◆ Work request
Going line by line through the records below, write out everything starting with the line containing "A shipping container" and going on through the line containing "2025年12月3日至5日,江苏省第七届", exactly and inclusively. Pictures do not go in.

◆ Supplied entries
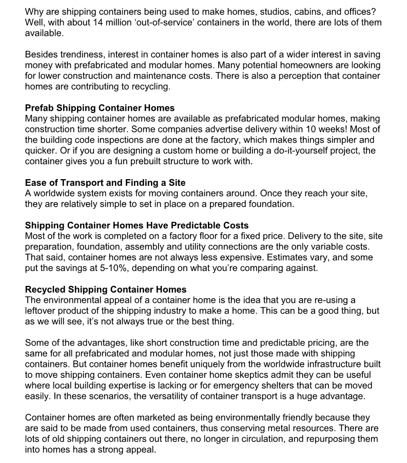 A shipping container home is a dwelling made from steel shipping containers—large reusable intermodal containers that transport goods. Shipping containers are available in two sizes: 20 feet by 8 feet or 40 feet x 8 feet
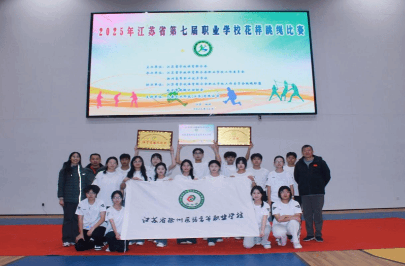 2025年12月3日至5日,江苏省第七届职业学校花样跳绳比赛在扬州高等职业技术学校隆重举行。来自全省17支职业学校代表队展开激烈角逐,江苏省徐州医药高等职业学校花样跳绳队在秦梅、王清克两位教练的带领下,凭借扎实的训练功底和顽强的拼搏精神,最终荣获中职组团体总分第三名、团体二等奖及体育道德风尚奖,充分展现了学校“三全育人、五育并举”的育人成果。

==

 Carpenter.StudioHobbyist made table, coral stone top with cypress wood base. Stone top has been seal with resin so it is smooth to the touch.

---

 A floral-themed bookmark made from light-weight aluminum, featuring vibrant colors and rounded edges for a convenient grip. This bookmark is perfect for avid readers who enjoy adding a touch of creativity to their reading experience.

◆ Response area
 A shipping container home is a dwelling made from steel shipping containers—large reusable intermodal containers that transport goods. Shipping containers are available in two sizes: 20 feet by 8 feet or 40 feet x 8 feet
 2025年12月3日至5日,江苏省第七届职业学校花样跳绳比赛在扬州高等职业技术学校隆重举行。来自全省17支职业学校代表队展开激烈角逐,江苏省徐州医药高等职业学校花样跳绳队在秦梅、王清克两位教练的带领下,凭借扎实的训练功底和顽强的拼搏精神,最终荣获中职组团体总分第三名、团体二等奖及体育道德风尚奖,充分展现了学校“三全育人、五育并举”的育人成果。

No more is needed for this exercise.